Reproducible Example
reference/source for this code example: https://github.com/pandas-dev/pandas/issues/37577
import pandas as pd
from dataclasses import dataclass
@dataclass
class Record:
id: int
name: str
constant: float
df = pd.DataFrame([
Record(0, 'Landau', 3.1415926),
Record(1, 'Kapitsa', 2.718281828459045),
Record(2, 'Bogolyubov', 6.62607015),
])
print(df.dtypes)
Issue Description
I would expect that the dtype from the dataclass is inherited / used in pandas as well.
id int64 name string constant float64 dtype: object
Expected Behavior
id int64 name string constant float64 dtype: object
Installed Versions
Comment From: phofl
Hi, thanks for your report. We don't use those dtypes, same with NamedTuple, but even if we would, str maps to object, the panda string dtype can be set with „string“ not str
Edit: Sorry initial response was only half-correct
Comment From: butterbach
I actually thought so and but don't get why or is it basically a feature request because Pandas just supports string since 1.0?
For other complex datatypes I might get that behaviour - but getting out of pandas again causes issues like ending up getting a void type.
Comment From: butterbach
@phofl: Sorry to highlight you personally, but I can see that str maps to object in pandas but I can just assume that this was implemented before pandas even had the dtype "string" which is exactly the same as str in Python, isn't it?
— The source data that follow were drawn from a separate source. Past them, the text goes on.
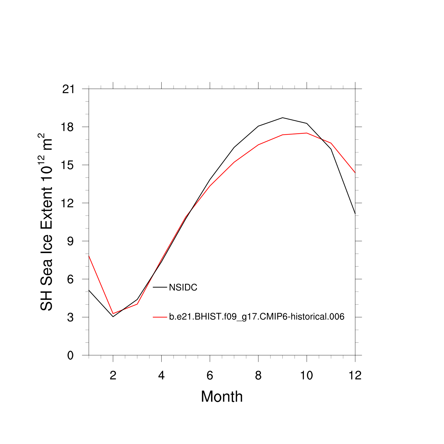 Climatological Monthly Mean Extent vs Obs plot plot
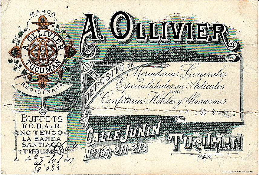 En Argentine cependant leurs destins vont un peu se séparer puisqu’Adrien, répondant en cela aux désirs du gouvernement qui souhaitait que l’immigration permette la mise en valeur de l’espace continental, ne reste pas à Buenos Aires mais gagne, à un millier de kilomètres au Nord-Ouest la province de Tucuman. Il s’agit d’une petite région (22 500 km2) peu peuplée (215 000 habitants au recensement de 1895) à cheval sur les contreforts andins et les plaines du Chaco. Le chemin de fer venait de la mettre à une vingtaine d’heures de la capitale. Et, à proximité du tropique du Capricorne, bénéficiant d’un climat chaud et arrosé de novembre à avril (l’été austral), elle commençait à connaître une belle période d’expansion économique et démographique portée par la culture de la canne à sucre dans les plaines de l’Est. C‘est dans la capitale administrative, San Miguel de Tucuman, une petite ville de 34 000 habitants en 1895, que s’installe Adrien Ollivier. Renouant avec l’esprit d’entreprise de son aïeul François-Hyacinthe, il y crée une maison de commerce en 1891.
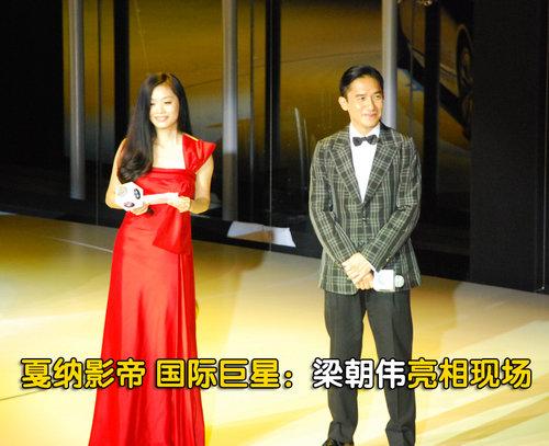在一段歌舞后,影帝梁朝伟身穿条格西服出现在了舞台上,接受了华晨宝马CEO康思远的采访。朝伟是一位在华人社会具有影响力的香港著名实力派演员,因为出色的演技以及曾经囊括多个电影奖项又被传媒称为“影帝”。
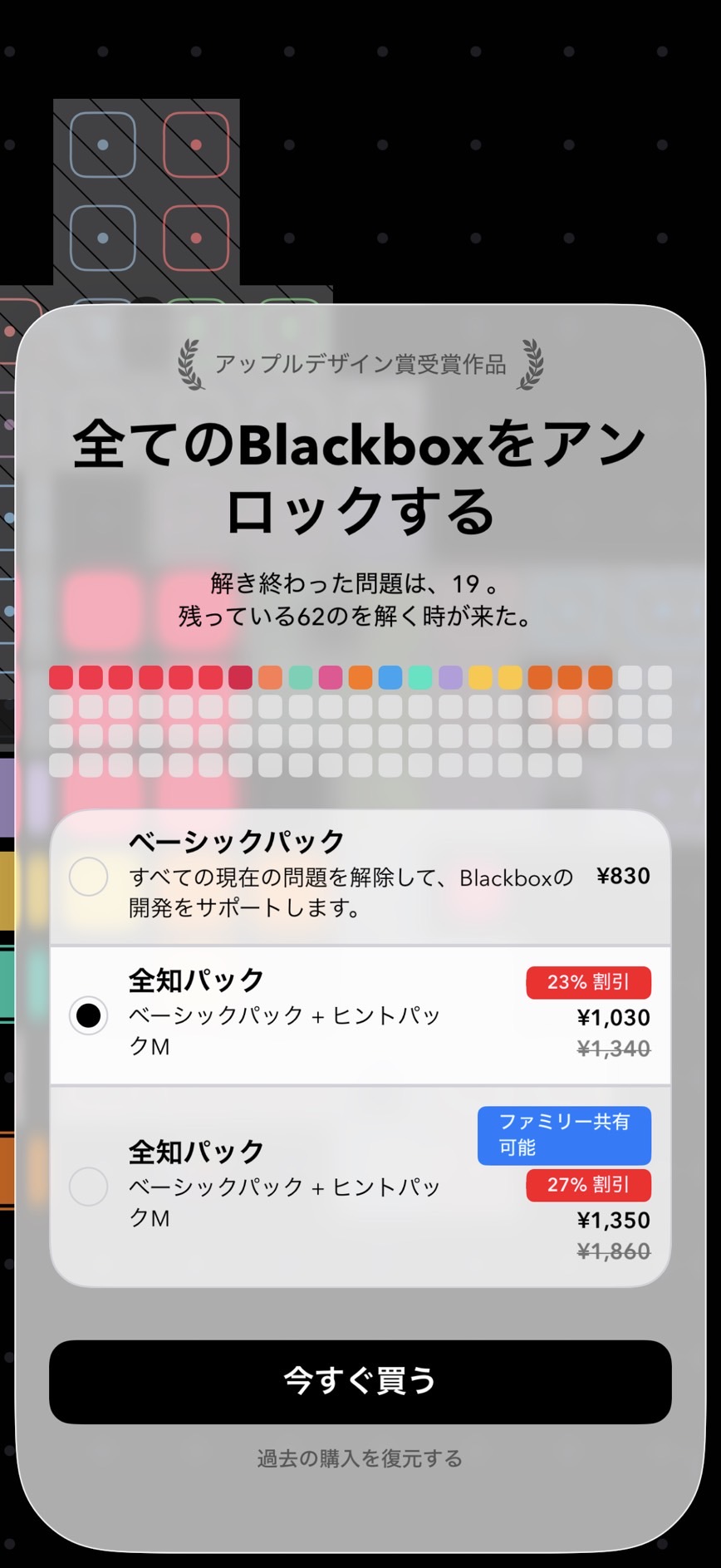 ブラックボックス【black box】 《名》 ① 内部構造が不明で謎めいている複雑な装置。 ② 「挫折」を再定義するこのパズルゲーム。

What is the reason not to change the mapping? I just want to understand the reason. I get it that object is the default for all other datatypes that are not supported.
When I read the first paragraph of the pandas documentation about the dtype "string", I would assume it should be the opposite:
source: https://pandas.pydata.org/docs/user_guide/text.html
And specifying str in a dataclass instead of Any (?) is close to the pandas recommendations to actively set dtype=string (series examples in the pandas docs). In this case it should be taken into account by the DataFrame generator.